In summary, the detection and analysis of time-dependent ex vivo 13C NMR spectroscopy data arising from awake mouse brain metabolism can be enhanced to include information-rich multiple resonances. In this work, we have presented a method for the generation of high-quality 13C spectra from the mouse brain that permitted accurate resolution of multiplets in glutamate, glutamine, GABA and aspartate. The results demonstrate that, overall, all detected TCA cycle-derived isotopomers manifest a similar evolution of multiplets reaching steady state at 150 min with a quasi-physiological [1,6-13C2]glucose infusion. We anticipate that this method will be useful for the estimation of the rates of major metabolic pathways in the normal awake mouse brain and also in transgenic mouse models of human neurological diseases.

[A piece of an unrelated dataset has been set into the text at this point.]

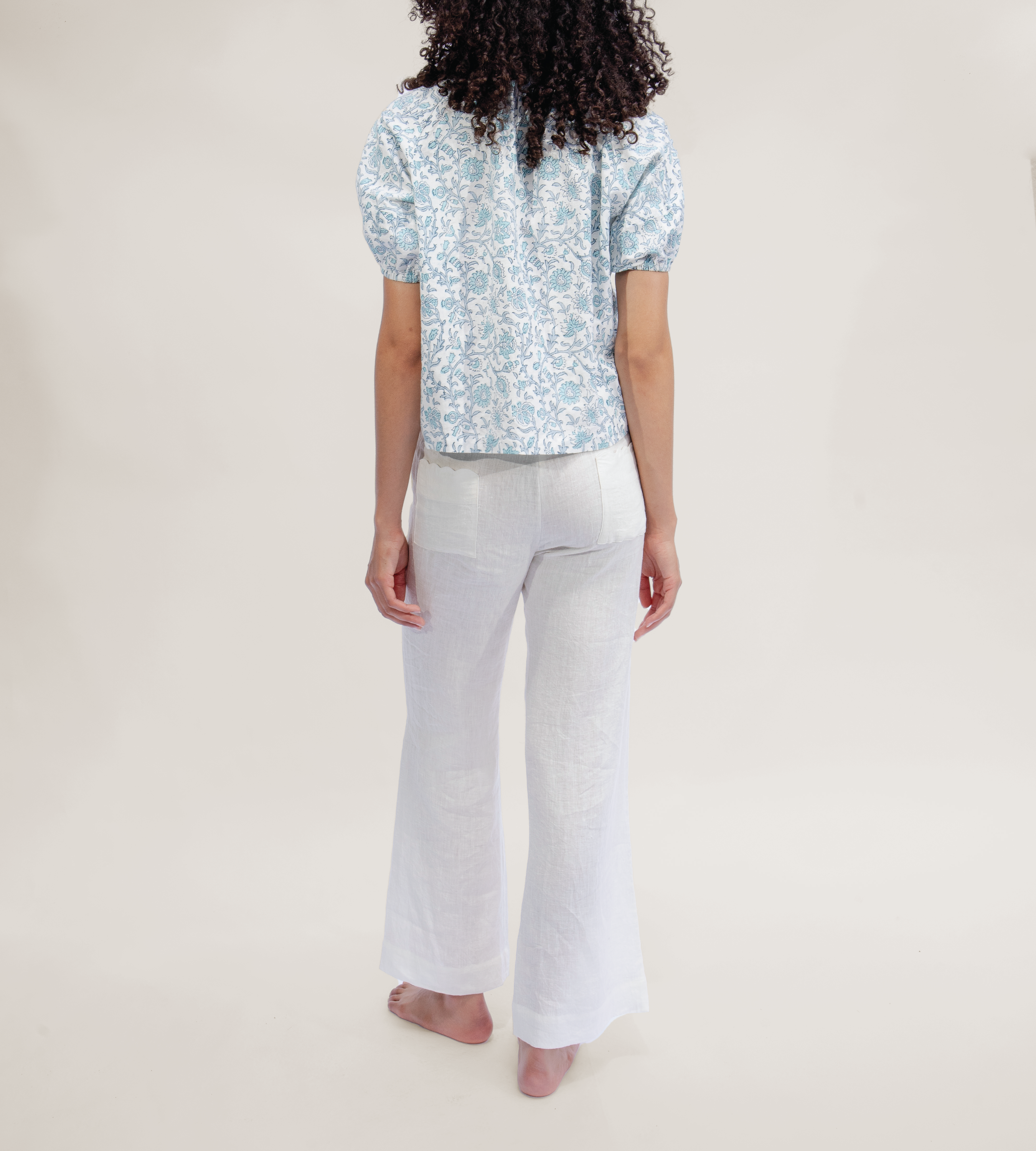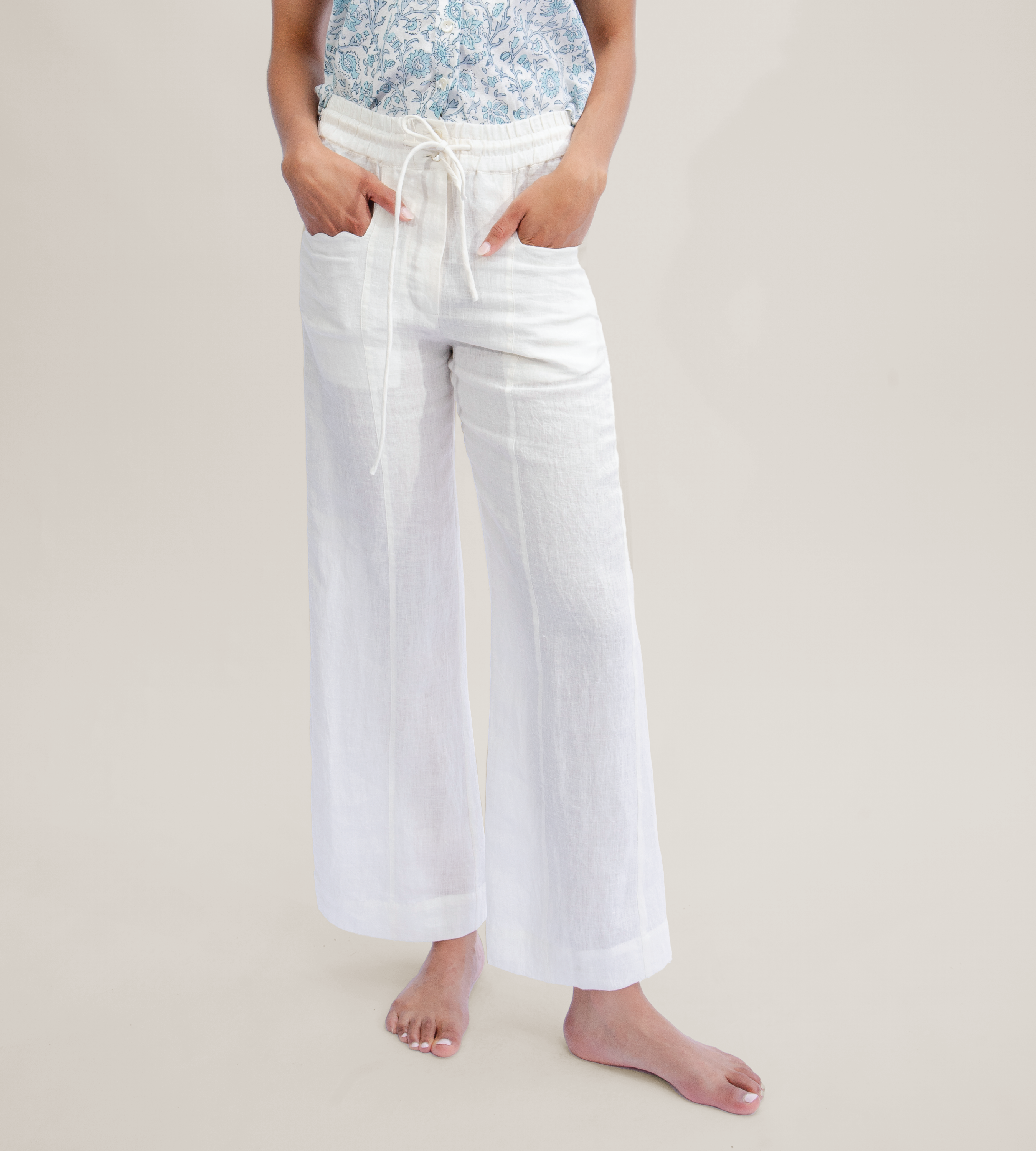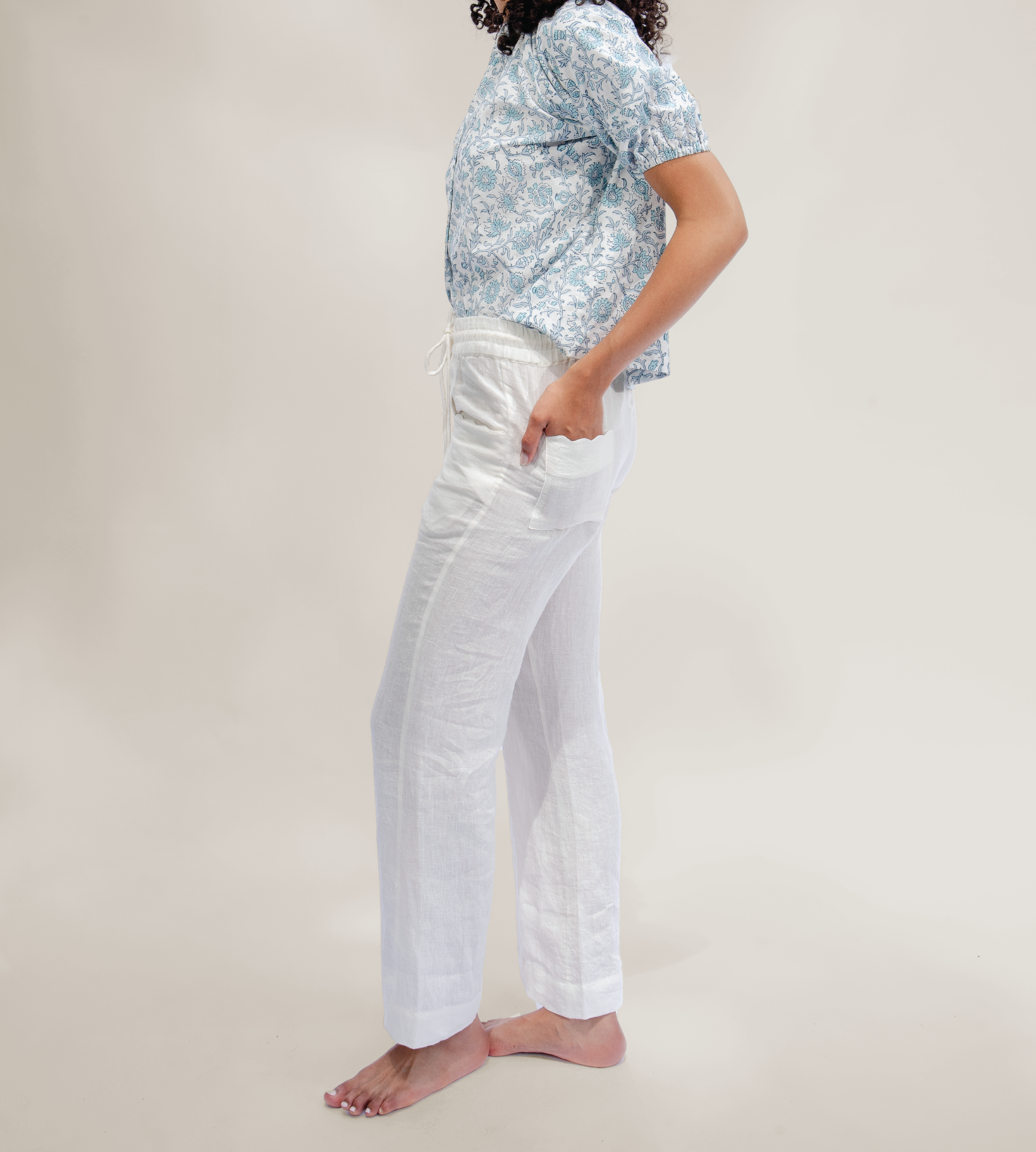 Easeful Practicality—Crafted from handwoven linen, the Synchronicity Pants drape effortlessly with soft proportions & artful fluidity. An elastic waistband & self-tying drawstring invite a sense of ease, while scalloped-edge pockets & luminous mother-of-pearl buttons offer a whisper of enchantment, reimagining a classic silhouette into a timeless expression of everyday dressing.

We have developed a method for the ex vivo resolution of NMR multiplets arising from the awake mouse brain after the infusion of [1,6-13C2]glucose. (Most NMR studies have been conducted in large animals (often under anesthesia) because the weight of the target organ is a limiting factor for NMR).
NMR spectra obtained by this method display favorable signal-to-noise ratios that lend themselves to precise analysis.
The method enables the accurate resolution of multiplets over time in the awake mouse brain.
We anticipate that this method will be broadly applicable to compute brain fluxes in normal and transgenic mouse models of neurological disorders.